Minnelied Op.71-5 Fünf Gesänge |
愛の歌 5つの歌 |
Holder klingt der Vogelsang, Wenn die Engelreine, Die mein junges Herz bezwang Wandelt durch die Haine. Röter blühen Tal und Au, Grüner wird der Wasen, Wo die Finger meiner Frau Maienblumen lasen. Ohne sie ist alles tot, Welk sind Blüt' und Kräuter; Und kein Frühlingsabendrot Dünkt mir schön und heiter. Traute,minnigliche Frau, Wollest nimmer fliehen; Daß mein Herz,gleich dieser Au, Mög' in Wonne blühen! |
いっそう心地よく鳥が歌を響かせるのは、 ぼくの若い心を乗っ取ってしまった 天使のように清らかなあの人が 林を歩き回る時。 谷や野の花々が赤みを増し、 芝の青さが濃くなるのは、 ぼくの彼女の指が 五月の花々を摘んだ場所。 彼女がいなければすべて死んだも同然、 草花は枯れはて 春の夕映えは もはやぼくにとって美しくもうれしくもない。 いとしい、愛する女(ひと)よ、 決して離れないでおくれ、 ぼくの心が、この野原のように、 歓びに花開くように! |
ハノーファー出身のHoeltyによるこの詩は、恋人の存在が鳥の鳴き声や草花の色までも変えてしまったという熱烈なラブソングだが、ブラームスは渋みあふれる素敵な曲に仕上げた。

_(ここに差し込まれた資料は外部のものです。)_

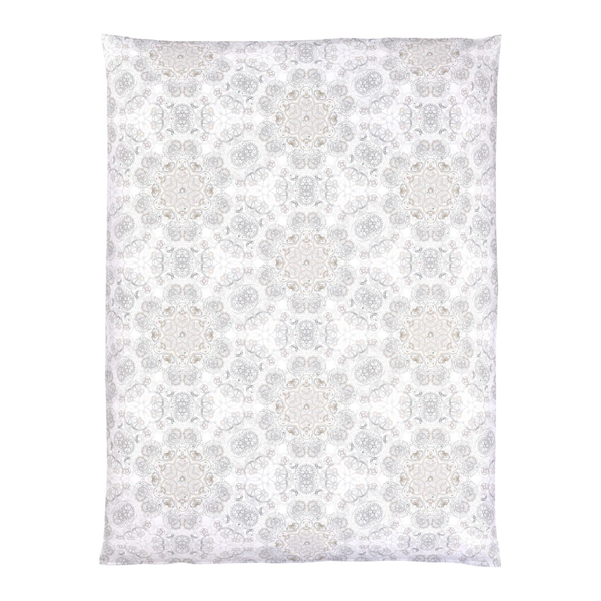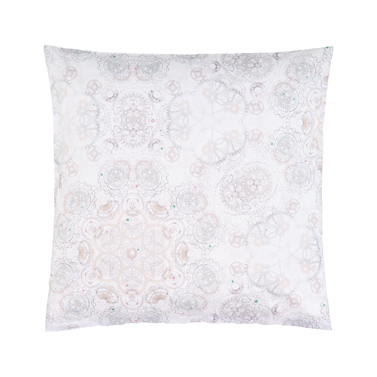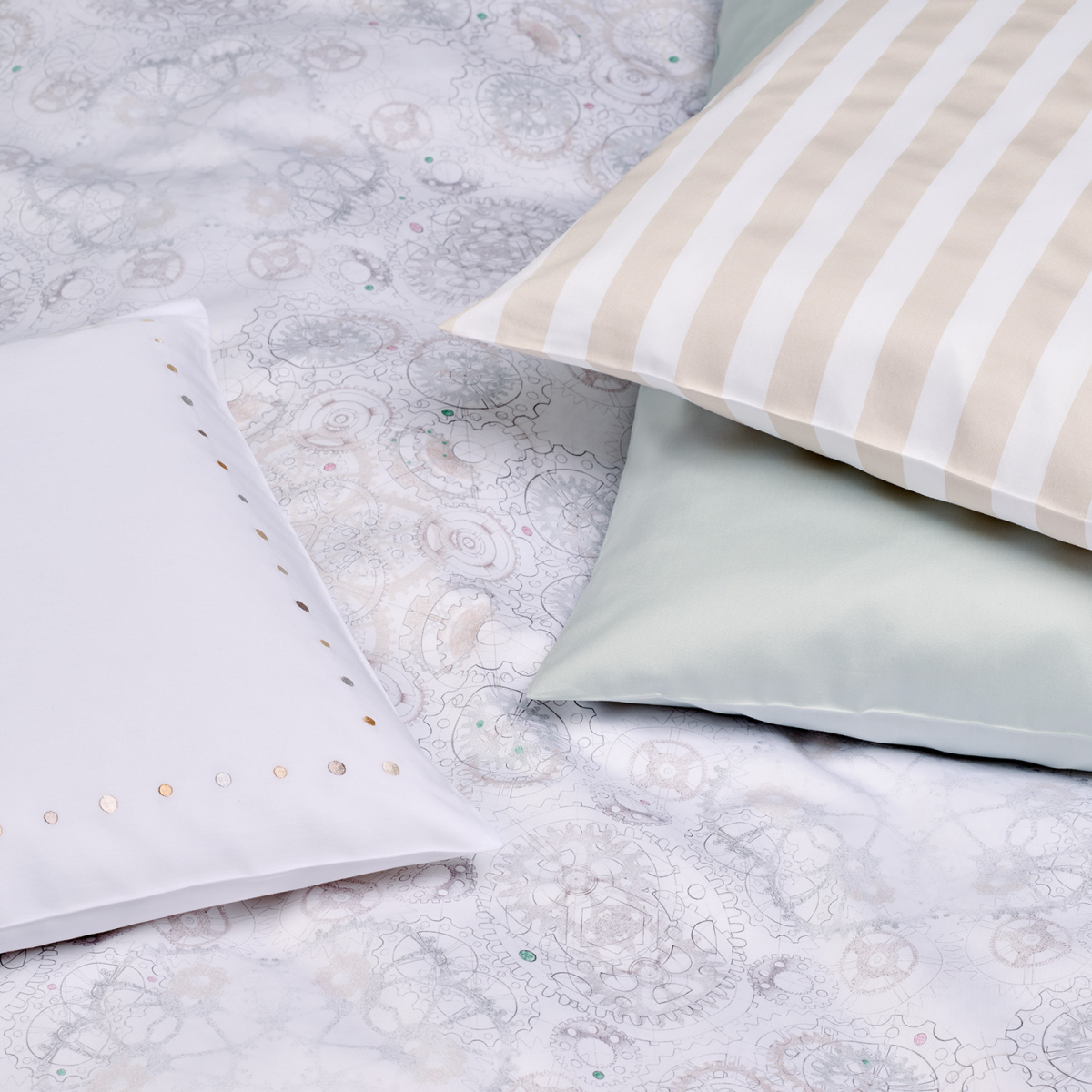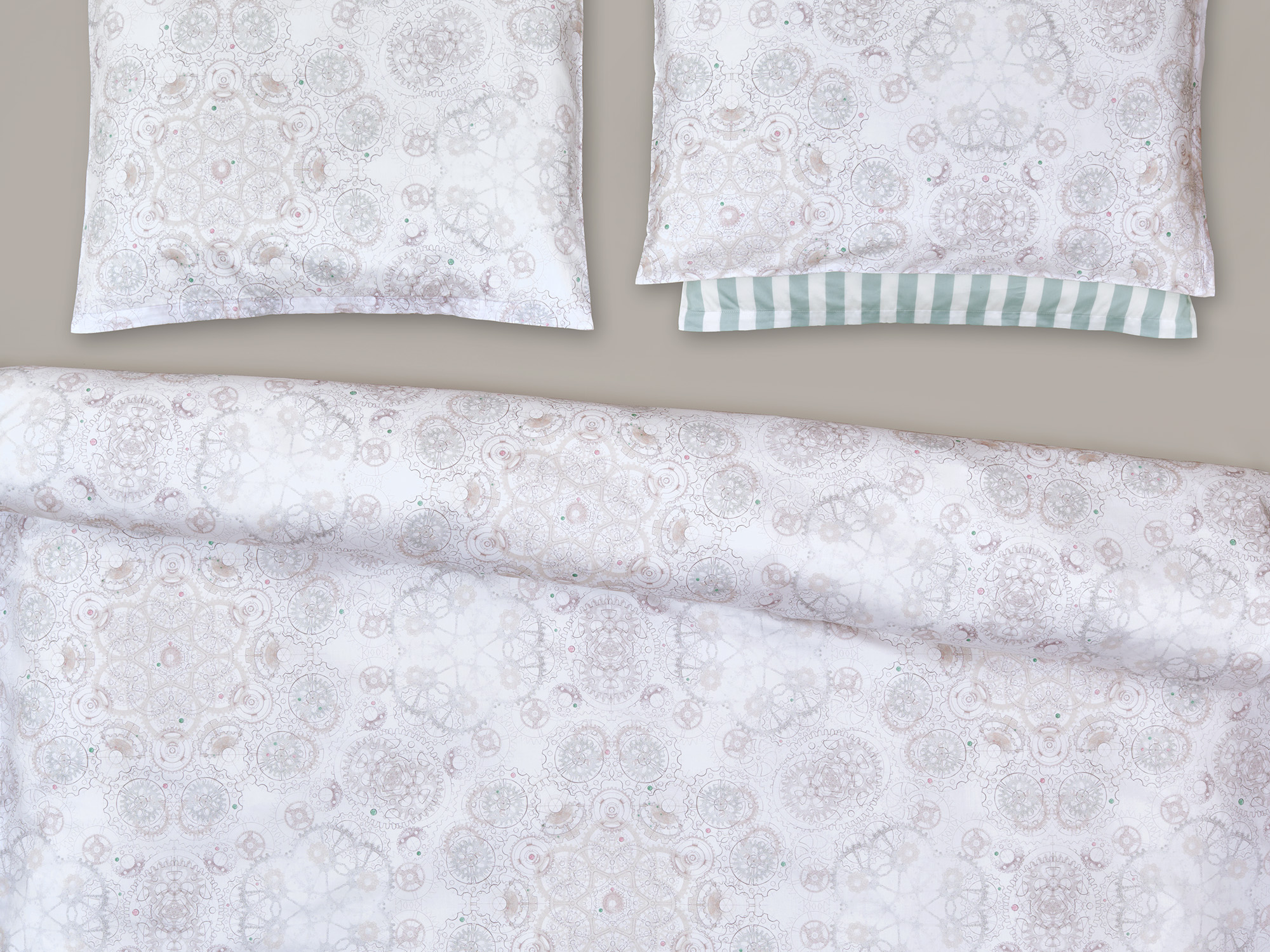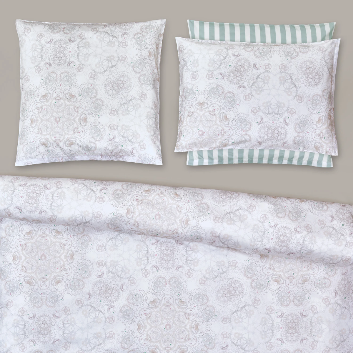 Bei der Christian Fischbacher Bettwäsche „Orario“ dreht sich alles um die Zeit und die Uhrmacherkunst. Präzision trifft auf Handwerk. Handwerk trifft auf Details. Zahnräder greifen wie durch ein Kaleidoskop betrachtet ineinander und kreieren ein ornamentales Muster. Die Farbwelt von Beige und Grau wird ergänzt durch schmuckstückartige Akzente in Rosa und Grün.

各行が間断なく続いており、せきたてるような歌声部が、彼女のことで頭がいっぱいな主人公の心情をよくあらわしている。
シューベルト(D429)やメンデルスゾーン(Op.8-1)も同じ詩に作曲しているが、前者の素朴な愛らしさ、後者のコラールのような穏やかさに比べて、ブラームスの青臭いほどの真摯さがより大きな感動を与えてくれる。
ホッター(BSBR)ムーア(P) (EMI : 1956):歌、ピアノ共にとにかく素晴らしいの一言!
プライ(BR)ホカンソン(P) (DENON : 1985-86):円熟期のプライの一語一語に味があり、聴く者の心を温めてくれる。ホカンソンの暖かい音色と表現がこの曲にふさわしい。